Credit rating agency Moody’s has warned that European nations are ill prepared for another financial crisis and that should one occur they predict a significant rise in support for anti-establishment populist parties.
While the rating agency has noted some improvements in Europe since the 2008 financial crisis, the organisation has serious concerns about how the political establishment could handle another, Il Giornale reports.
“Europe remains vulnerable in economic terms because debt has grown, there are fewer instruments to encourage recovery, financial asset prices are high, political and regulatory risks are increasing and innovative technologies are testing more and more sectors,” Moody’s Senior Vice President Paolo Leschiutta said.
“Overall the room for manoeuvre to reduce the effects of another recession is shrinking,” he added.
The Moody’s report claims that several factors from high private and public debt to Europe’s ageing population could make recovery harder and that the solutions to the past crisis have reduced the ability of governments to react to a new one.
Populist anti-establishment parties, such as the ruling League-Five Star Movement coalition in Italy, would, according to Moody’s, benefit from another financial crisis.
“Low growth rates and high unemployment rates worsen insecurity in some countries, favouring anti-establishment movements, which could become even more popular should another crisis break out,” the report said.
Investment firm Goldman Sachs, which became well-known globally during the 2008 crisis, also issued a warning this week about the Italian government saying that new spending packages, largely backed by the Five Star Movement, could harm the country’s credit rating.
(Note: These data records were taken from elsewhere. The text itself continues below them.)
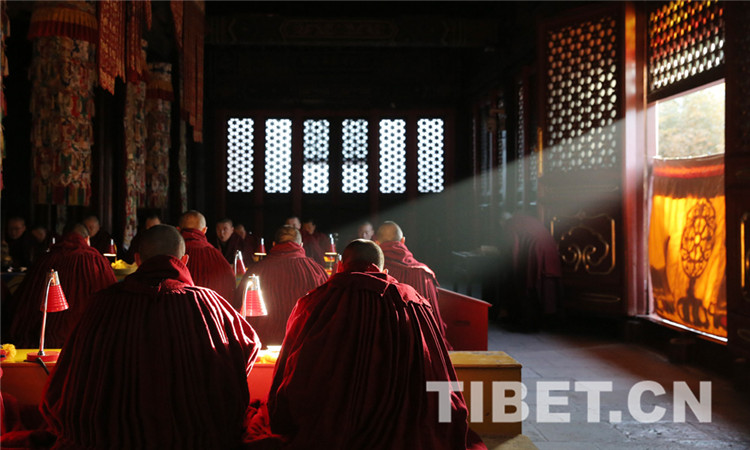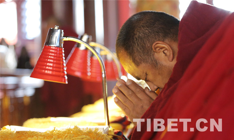 8時(shí)30分,法會(huì)開(kāi)始,教職人員按既定儀軌,誦讀經(jīng)文,虔誠(chéng)祈禱,法會(huì)現(xiàn)場(chǎng)肅穆莊重。(中國(guó)西藏網(wǎng) 記者/楊月云)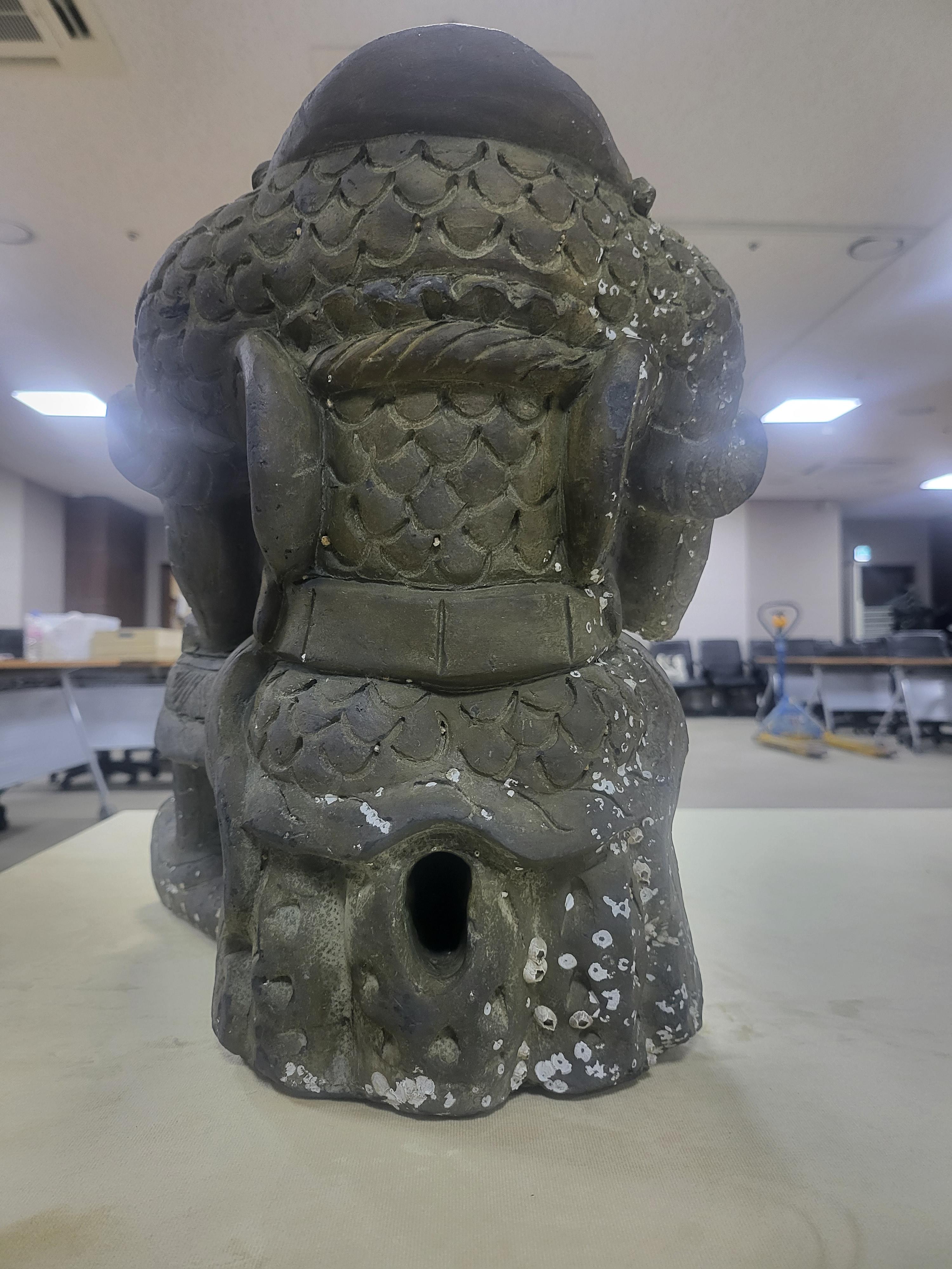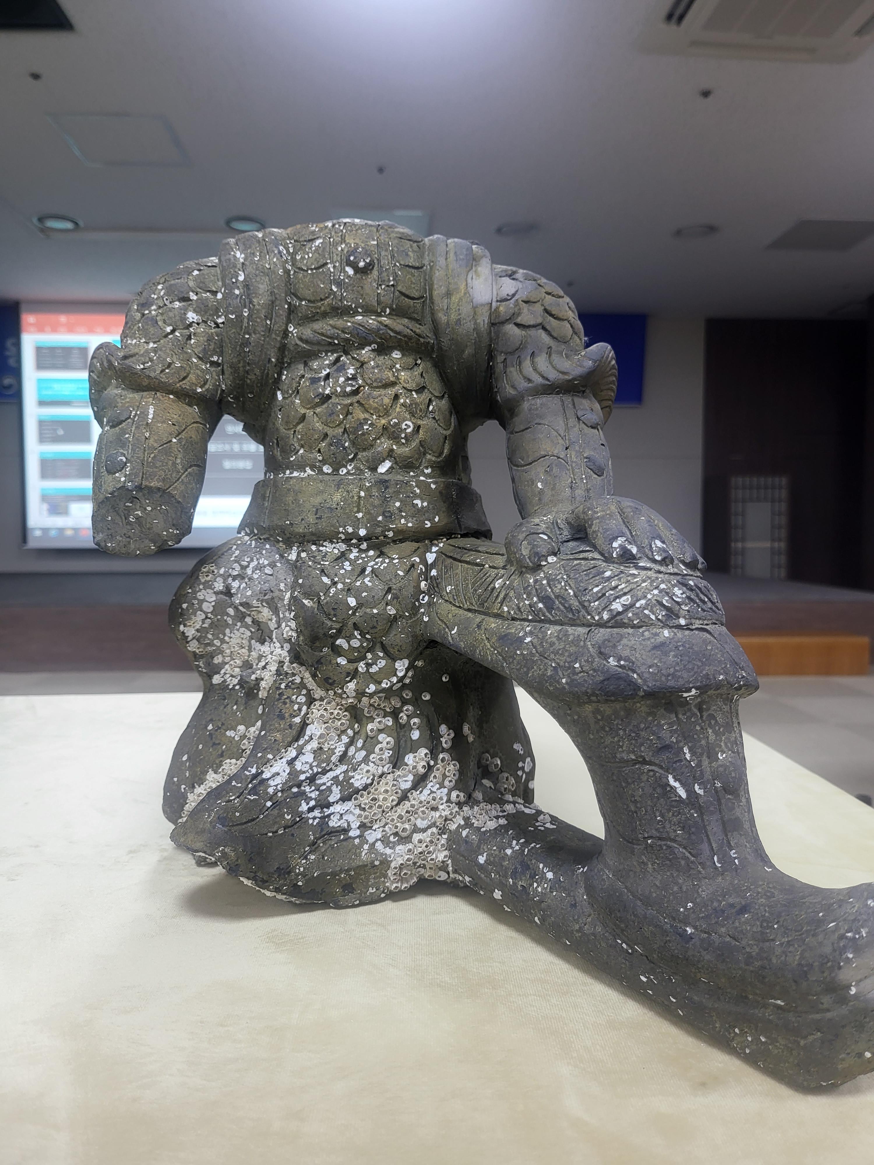 The National Research Institute of Maritime Cultural Heritage(Director, Kim YeonSoo) affiliated to Cultural Heritage Administration which surveys the proximities of the mudflats at Cheongpodae, Yangjam-ri, Taean newly discovered at the last May the upper part of the dragon-headed ornamental roof tile (Chuidu(鷲頭)) and the hilt shaped ornament, Geompa(劍把).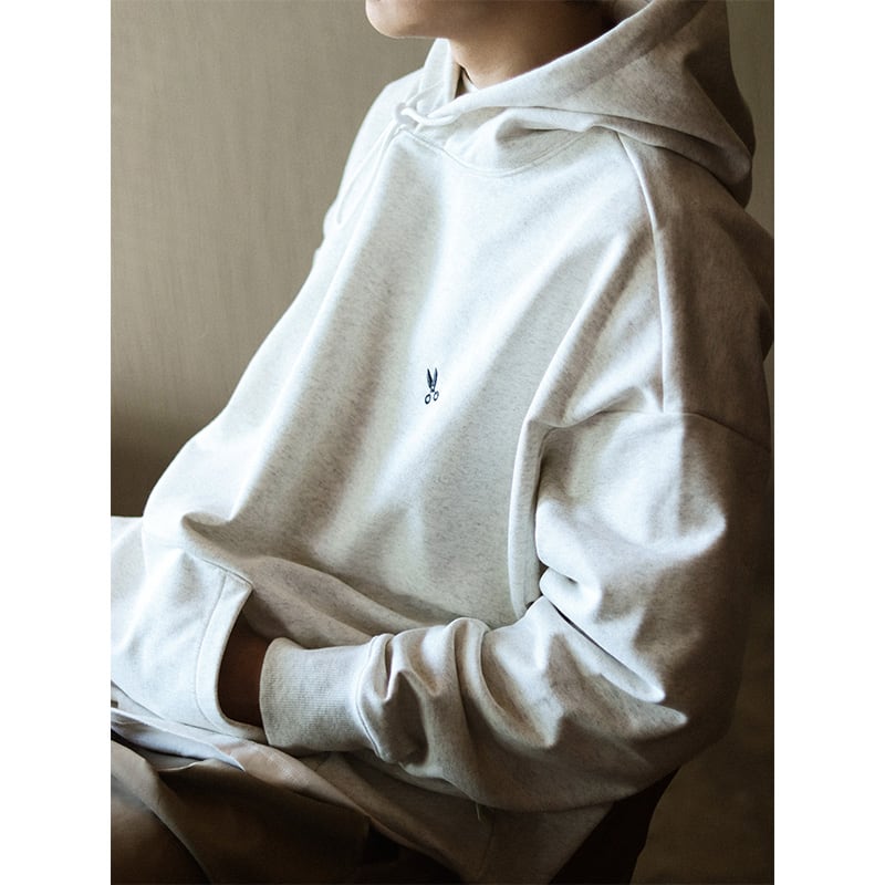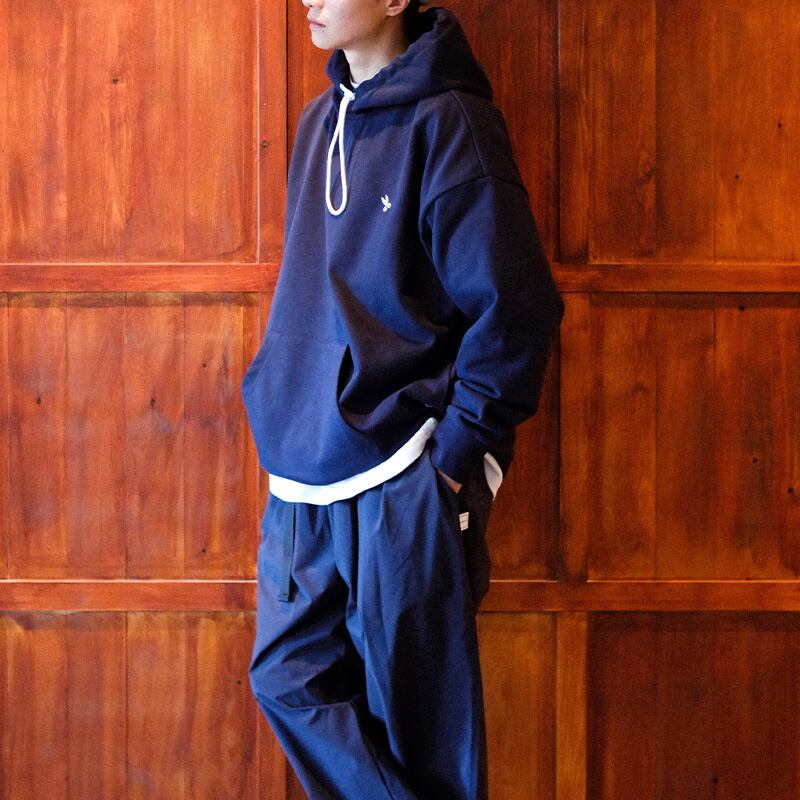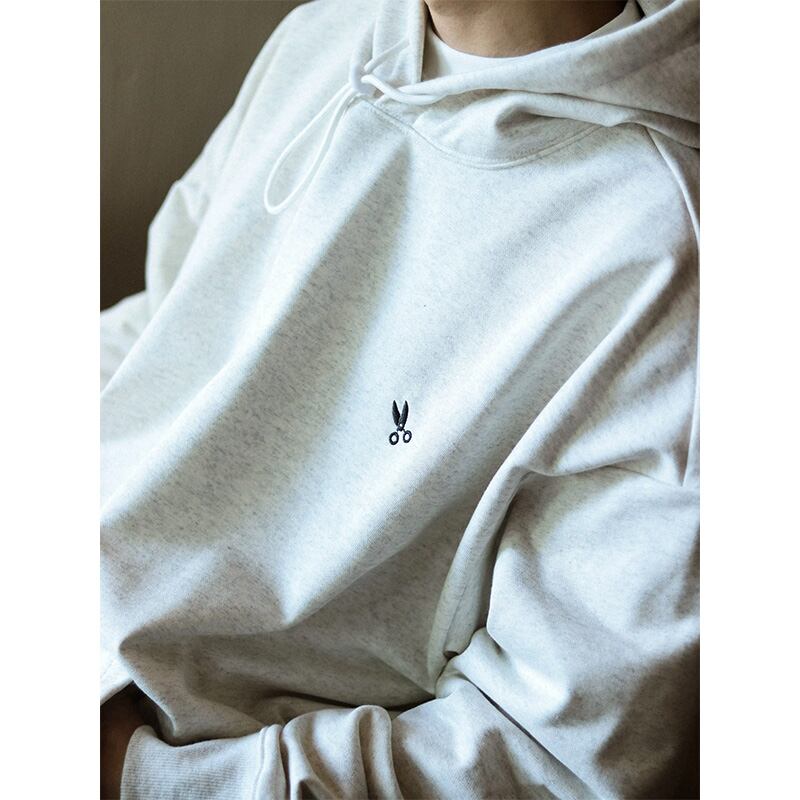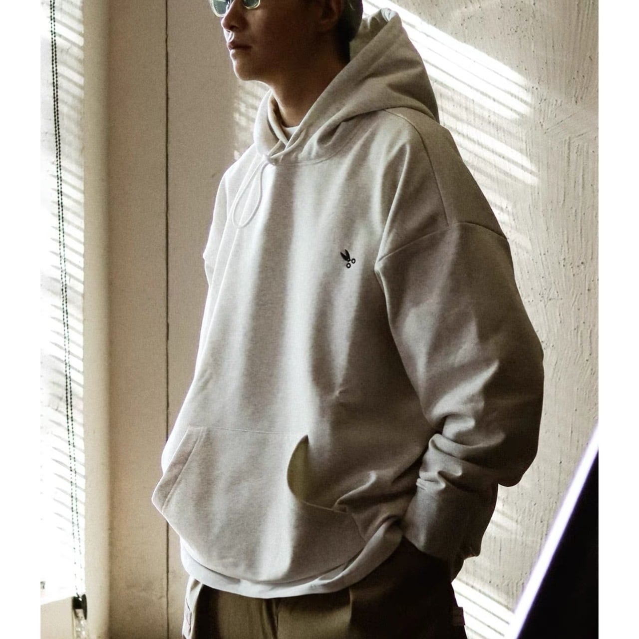 バックプリントのデザインがアクセントになり、シンプルながらも個性を演出するパーカー。

The warning comes after increased pressure from the European Union against the Italians, as well.
Due to a lack of a European solution to the country’s migrant problems, Five Star Movement leader Luigi Di Maio threatened to cut off Italian funding to the political bloc sparking a wave of criticism and accusations from several European Union Commissioners that the populist coalition and other anti-establishment parties in Europe were trying to “destroy” the EU.